Rédigé le Samedi 3 Février 2018 à 09:58 | Lu 639 fois


M e Dalbin, du barreau de Metz, ne croit pas au divorce pacifié sans un travail en profondeur des parents. La santé des enfants en dépend.


M e Agnès Dalbin, avocate au barreau de Metz, s’est forgée une conviction après trente années à plaider des affaires familiales : «  Un divorce réussi se bâtit autour de l’enfant ». Ce qui, en théorie, semble une évidence et dans la réalité une véritable gageure. Le plus souvent, en effet, «  l’enfant est un outil de conflit » dans la séparation d’un couple qu’il soit marié, Pacsé ou sans statut particulier. La conviction que s’est forgée l’avocate messine auteur d’un livre sur le sujet*, est «  que le divorce pacifié d’emblée n’existe pas », ou bien c’est une illusion. Elle reste marquée par l’histoire de cette femme et de cet homme séparés depuis quinze ans et ayant, depuis, refait leurs vies dans une apparente sérénité. Après toutes ces années, ils décident de divorcer pour de simples raisons administratives. Dans le bureau, la formalité se mue en drame. «  La femme s’est effondrée, disant qu’elle ne pourrait jamais divorcer, que c’est trop dur », se souvient M e Dalbin.

Thérapeute de l’adulte

Cette dernière ne croit guère au «  consentement mutuel » : «  Celui des parents qui n’est pas à l’initiative du divorce souffre le plus et l’enfant, naturellement se tourne vers celui qui souffre le plus, il devient thérapeute de l’adulte ». Pour l’enfant, la situation devient inextricable quand «  les parents ne se parlent plus » ou pire «  quand l’un dénigre l’autre ». «  L’enfant ne peut pas prendre partie, c’est impossible et il est prêt à tout pour que ses parents se parlent, à tomber malade, à ne plus travailler à l’école… », martèle l’avocate. Elle met à mal une autre idée reçue qui veut que «  les enfants préfèrent vivre avec des parents séparés plutôt qu’avec des parents qui ne s’entendent plus ». «  À 99 %, ils préfèrent rester avec leurs parents, même si cela ne va plus entre eux », assure M e Dalbin.

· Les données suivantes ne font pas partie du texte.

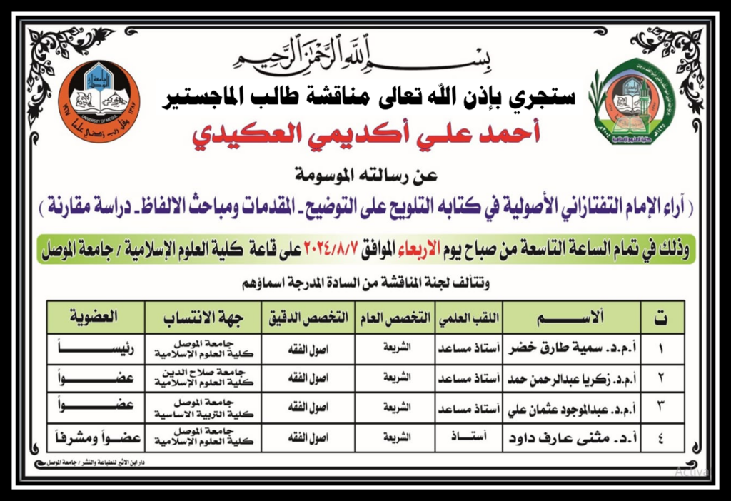 وقد اشتملت عملية التقييم على محاور عدة اعتمدتها لجنة العمداء. وكانت اللجنة بعضوية كل من الاستاذ الدكتور اثير طارق نعمان معاون العميد العلمي في كلية العلوم الإسلامية بجامعة الانبار والأستاذ الدكتور مهند عبد الستار جميل من كلية العلوم الإسلامية جامعة تكريت.
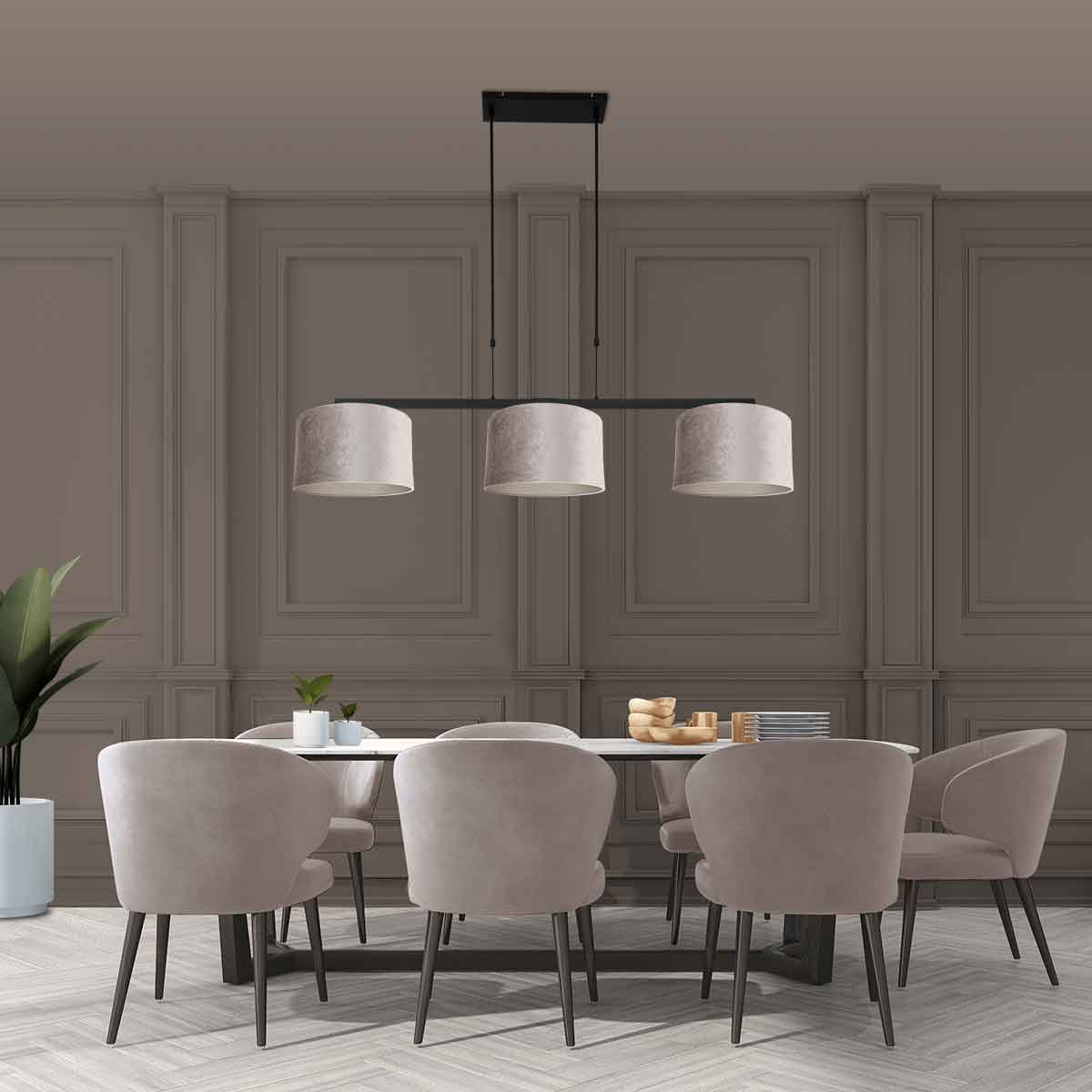 De drie grijze velours kappen van 30 cm geven de lamp een chique uitstraling die zich moeiteloos in moderne interieurs voegt. Deze lamp is een perfecte keuze voor wie op zoek is naar een elegante en eigentijdse verlichting. Deze hanglamp wordt geleverd met 2 jaar garantie.
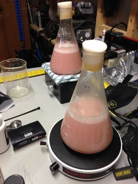 Añadir la solución de agua must/water o azúcar al matraz de Erlenmeyer con una barra de agitación. Rehidratar la levadura según las instrucciones en el envase y añadir al motor de arranque. Poner en la placa de agitación en baja durante 24 horas.
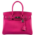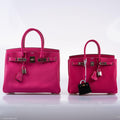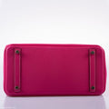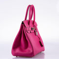 The Hermès Birkin in Rose Tyrien—definitely an eye-catcher and a bold style statement from their 2011 Candy Collection. This 30cm Epsom iteration is a pristine showcase of the hue, further accentuated by white contrast stitching and gleaming gold hardware. It's not just pink; it's a pink that comes alive, especially under blacklight, making it a stunner whether you're in daylight or dancing the night away in a club. The vividness of Rose Tyrien sets it apart, positioning this Birkin as not just an accessory but a focal point that commands attention.

Par ailleurs, plus les enfants sont grands lors de la séparation plus «  ils ont du mal à l’accepter » car, poursuit l’avocate «  les adolescents ou jeunes adultes ont le sentiment qu’on leur vole leur enfance, qu’on les prive de ce schéma avec lequel ils se sont construits ».

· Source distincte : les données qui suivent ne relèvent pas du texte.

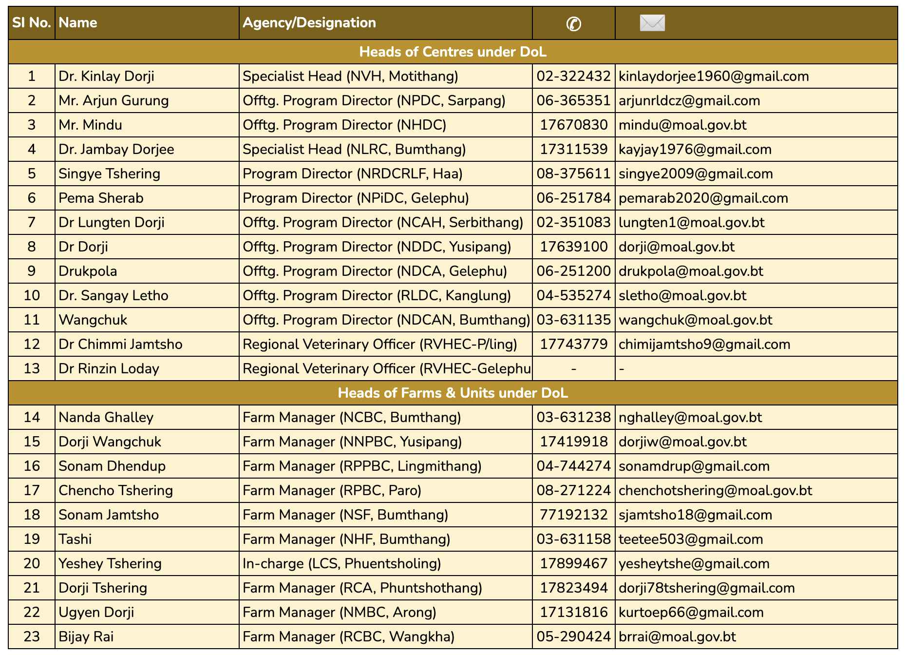 C. Dzongkhag Livestock Sectors
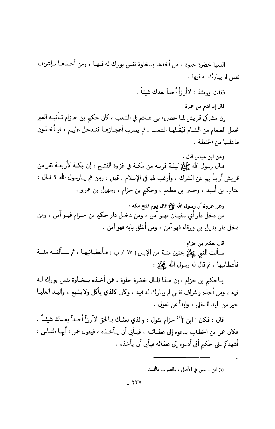 قال: فكان ابن حزام يقول: والذي بعثك بالحق لا أرزأ أحداً بعدك شيئاً. فكان عمر بن الخطاب يدعوه إلى عطائه، فيأبى أن يأخذه، فيقول عمر: أيها الناس: أشهدكم على حكيم أني أدعوه إلى عطائه فيأبى أن يأخذه.
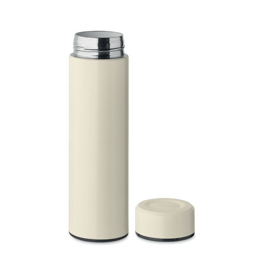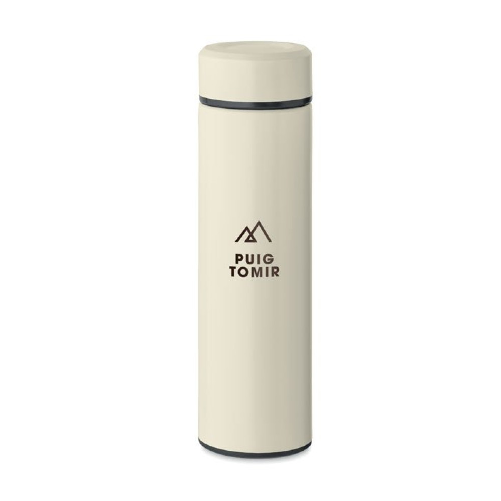 Двустенный термос из переработанной нержавеющей стали (90%) и обычной нержавеющей стали (10%) с внутренней керамической колбой. Герметичен. Объем: 420 мл.
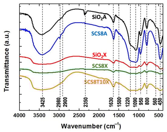 A few significant differences were observed in the FTIR spectra of the aerogels and the xerogels (Figure 4). First, aerogels (SiO2S and SCS8A) often display larger and more intense bands at 450 cm−1 and 800 cm−1 (Si-O-Si bending vibration), and in the 1050–1200 cm−1 range (Si-O-Si stretching vibration), which are characteristics of the silica network []. This is because the supercritical drying technique used to create aerogels results in a more densely cross-linked network structure with a greater degree of polymerization, and therefore a more compact pore network structure. A shorter and narrower band, which denotes a lower level of polymerization and a more porous network structure, is generally observed in the same frequency region for the xerogels (SiO2X, SCS8X, and SCS8T10X). The stretching vibrations of the OH groups, which correspond to the 3200–3700 cm−1 range, where aerogels also show more prominent peaks, suggest a larger number of residual silanol groups (-Si-OH) and adsorbed water owing to their typical hydrophilic character. In addition, the peaks at 950 cm−1 and at around 2350 cm−1 in the SiO2A sample were attributed to the stretching and bending vibrations of the Si-OH bond, respectively, thus confirming the high -OH density at the aerogel surfaces []. Peaks at approximately 2900–3000 cm−1 were present only in the aerogels (SiO2A and SCS8A) accounting for C-H stretching vibrations due to the use of ethanol as s M!”olvent to preserve the samples before supercritical drying [].

En trente années de pratique, elle considère que la prise en compte des enfants dans les procédures a très peu progressée.

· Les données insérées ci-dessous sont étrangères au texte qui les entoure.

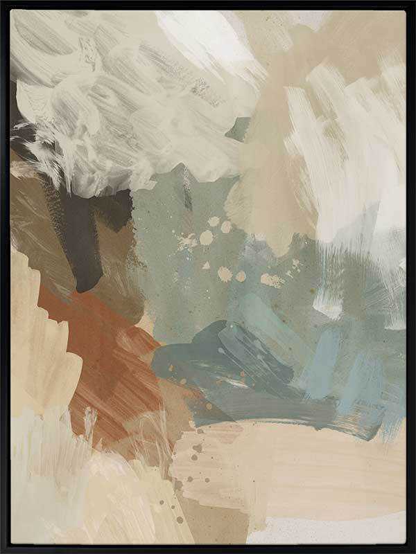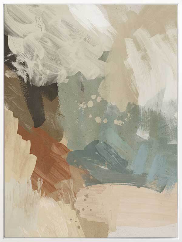 Hush Canvas Art Print - Chaotic in its composition, yet calming in its colours, this abstract artwork makes the perfect statement in your space without overpowering other pieces, with visible brush strokes for added texture. A soft colour palette includes a blend of beige and brown tones, with blue and sage green.
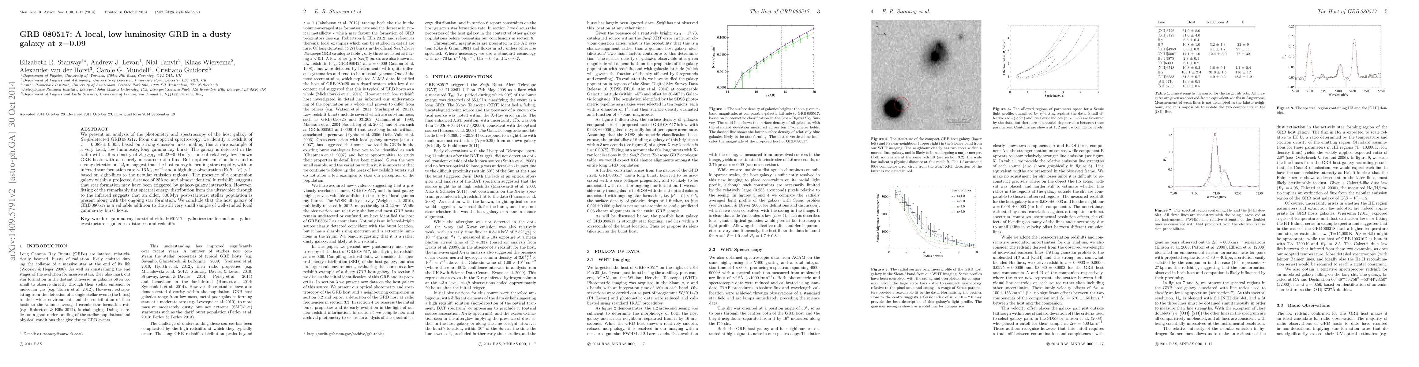 We present an analysis of the photometry and spectroscopy of the host galaxy of Swift-detected GRB 080517. From our optical spectroscopy, we identify a redshift of z = 0.089 +/- 0.003, based on strong emission lines, making this a rare example of a very local, low luminosity, long gamma ray burst. The galaxy is detected in the radio with a flux density of S(4.8GHz) =0.22 +/- 0.04mJy - one of relatively few known GRB hosts with a securely measured radio flux. Both optical emission lines and a strong detection at 22 um suggest that the host galaxy is forming stars rapidly, with an inferred star formation rate ~16 Msun/yr and a high dust obscuration (E(B-V )>1, based on sight-lines to the nebular emission regions). The presence of a companion galaxy within a projected distance of 25 kpc, and almost identical in redshift, suggests that star formation may have been triggered by galaxy-galaxy interaction. However, fitting of the remarkably flat spectral energy distribution from the ultraviolet through to the infrared suggests that an older, 500Myr post-starburst stellar population is present along with the ongoing star formation. We suggest that that the host galaxy of GRB 080517 is a valuable addition to the still very small sample of well-studied local gamma-ray burst hosts.
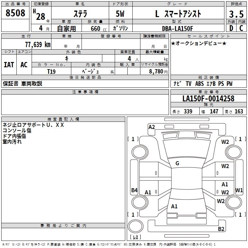 SUBARU STELLA L SMART ASSIST - лот 8508
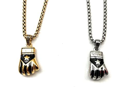 Papiichulo Boricua Power necklace Set, Silver/Black and Gold/Black 6
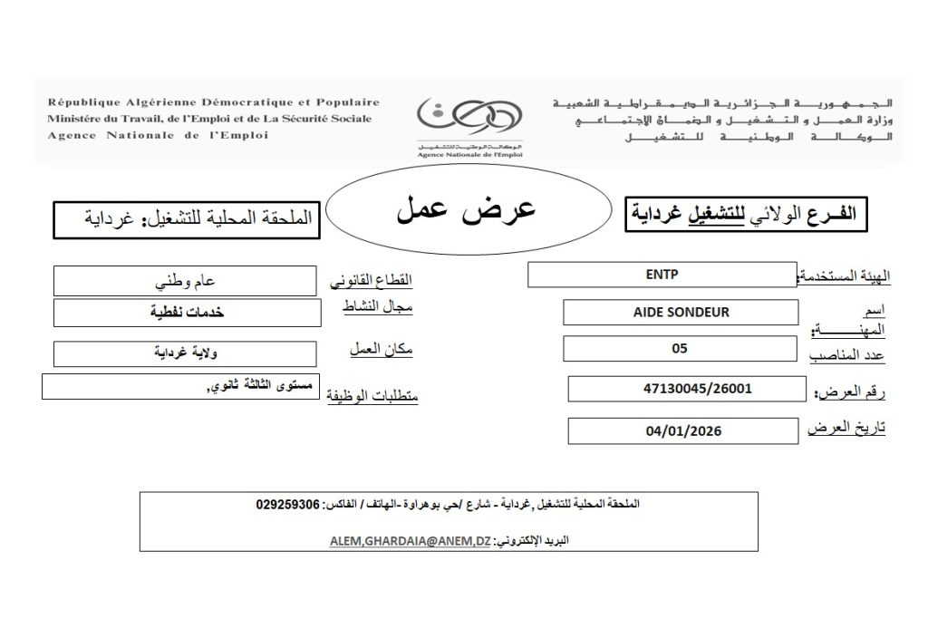 الملحقة المحلية للتشغيل، غرداية – شارع / حي بوهراوة – الهاتف / الفاكس: 029259306
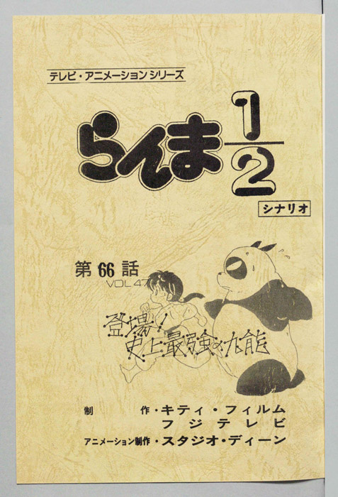 主な出演 : (乱馬:らんま)山口勝平,(あかね)日高のり子,(なびき)高山みなみ,(かすみ)井上喜久子,(早雲)大林隆之介,(玄馬:パンダ)緒方賢一,(帯刀)鈴置洋孝,(今条マリ子)小林優子,(大介)子安武人,(ひろし)辻谷耕史,(生徒A),(審【らんま1/2】無差別格闘家「早乙女玄馬」の息子「早乙女乱馬」は幼少の頃より無差別格闘流の修行に励みながら、中国へと渡る。だが、そこで父親と共に悲劇的な伝説が多く伝わる修行場「呪泉郷」で稽古中に不思議な泉に落ちたことにより、乱
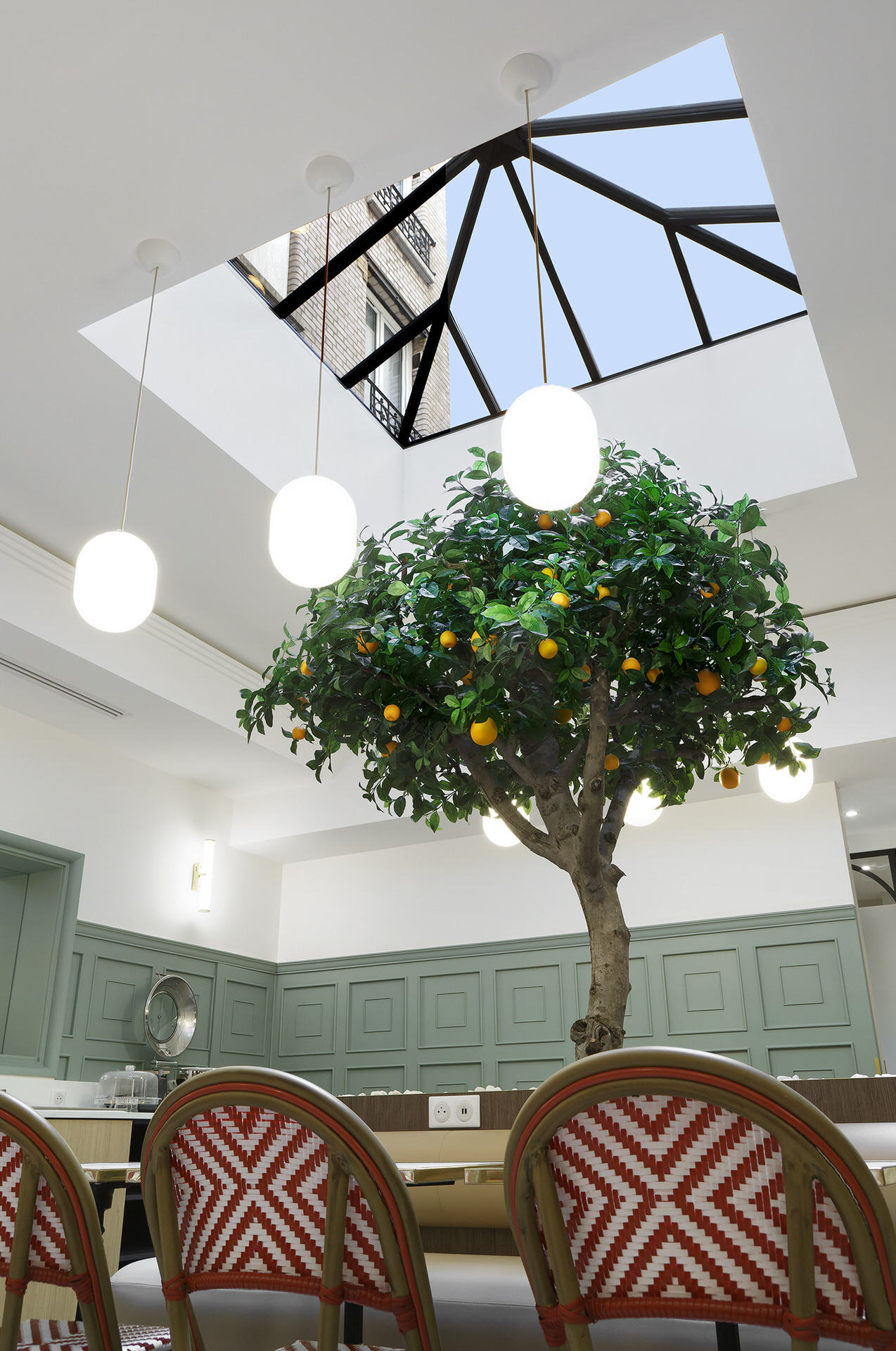 Ce bel immeuble de 1920 présente depuis l’origine de splendides mosaïques de sol en grès, typiques de cette époque. Leurs courbes et leurs couleurs ont inspiré une nouvelle décoration dans le style des années folles. La cour a été ouverte pour baigner la salle de petit-déjeuner de lumière naturelle à travers une verrière en métal de forme pyramidale.

Dès 10 ans à Metz, l’âge de discernement varie d’un tribunal à l’autre, ils peuvent, s’ils le souhaitent, être entendus en présence ou non d’un avocat Mais le juge leur explique d’emblée que la décision ne dépendra pas de ce qu’il dit, mais de ce qu’on estime être son intérêt. M e Agnès Dalbin vante,en revanche, les vertus de la médiation qui s’organise hors cadre judiciaire. Elle permet «  de dépolluer les ressentis, de lever les malentendus, d’accepter la décision de l’autre, de remplacer, en fait, le couple conjugal par le couple parental ». «  On n’est plus marié mais on est des parents », résume M e Agnès Dalbin. Alors, les adultes pacifiés, peuvent enfin penser aux enfants.